The invention relates to an automatic bowling alley, particularly a table bowling alley having a pin support plate provided at one end of a bowling lane that receives the pins and with which a pin setup frame is associated that has a pin magazine disposed above the pin support plate, and having a control console provided at the other end of the bowling lane.
In a bowling alley, when the pins are not secured on a cable, with which they can be righted again and positioned on the provided space following a throw, special devices are required with which the fallen pins collected in a pin pit are raised afterwards, supplied to a pin distributor and then placed, at the correct location, onto the bowling alley. The mode of operation of such a pin setup frame is relatively complicated in that it is provided in many bowling game regulations that a second throw is to be taken at the pins still standing after the first throw.

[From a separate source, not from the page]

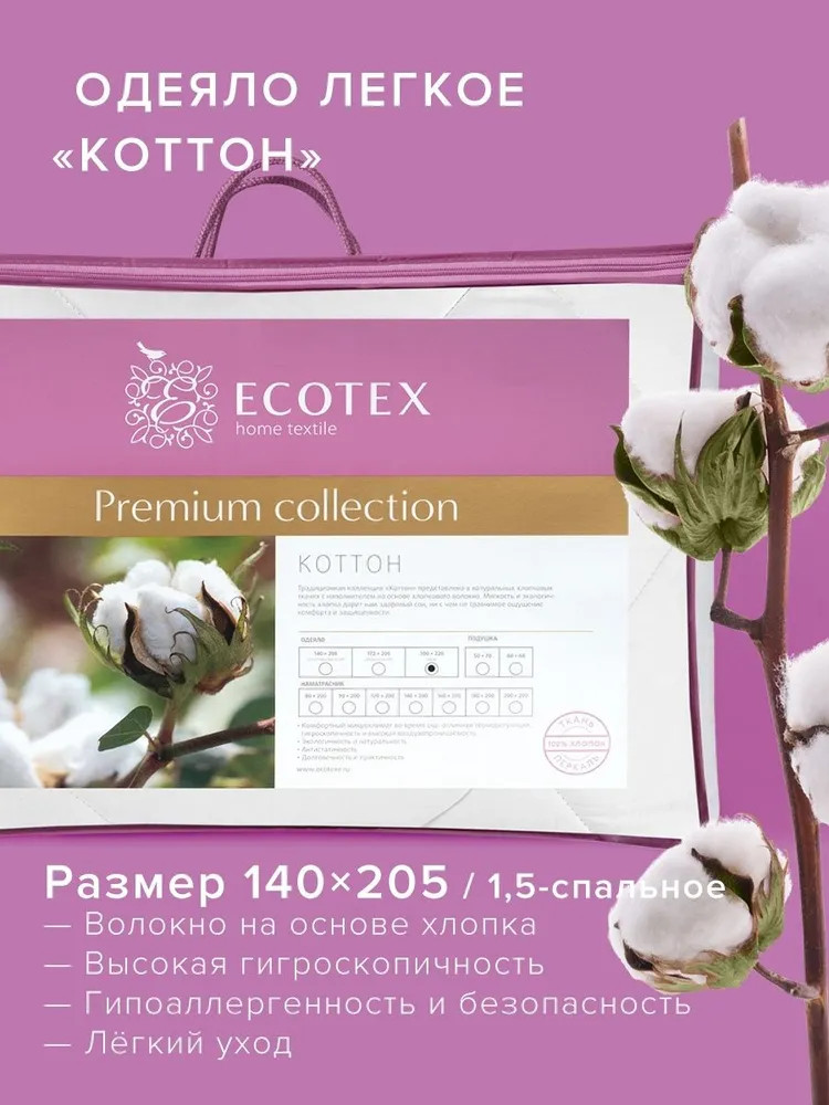 Качественное хлопковое одеяло коллекции «Коттон» — настоящая находка для тех, чья нежная кожа требует особой заботы. Подлинная ценность одеяла — в комфорте, которым оно окружает Вас всю ночь. Мы хотим, чтобы каждую ночь, укрываясь одеялом от Ecotex, Вы получали настоящее удовольствие. Традиционная коллекция одеял «Коттон» представлена в натуральных хлопковых тканях с наполнителем на основе хлопкового волокна. Мягкость и экологичность хлопка дарит нам здоровый сон, ни с чем не сравнимое ощущение комфорта и защищенности.

Thus, the full set of pins is not to be positioned on the bowling alley each time, which leads to considerable problems in the distribution of the loosely piled-up, fallen pins.
To remedy these problems, a pin setup device for positioning cable-free pins on a pin placement surface is already known from DE-OS 2,259,336; this device comprises a pin magazine disposed above the pin placement surface and having throughgoing openings for pins, and a pin placement surface below this, which can be raised and lowered and has fallen pin pipes that are oriented toward the throughgoing pin openings, with the inside diameter of the fallen pin pipes being only slightly larger than the maximum outer diameter of the pin. The pin placement plate has on its top side gripper forks which can be extended into and retracted from the fallen pin pipes by their fork arms at a right angle to the falling direction of the pins, the gripper fork spacing being less than the pin head diameter. For the case that, following a throw, fallen pins should be cleared away and standing pins should maintain their position, first the standing pins must be lifted, the fallen pins must be cleared away, and subsequently the lifted pins are returned to their old position on the pin placement surface. This requires, along with the additional pin placement plate having the gripper forks associated with the fallen pin pipes, an additional clearing mechanism for the fallen pins.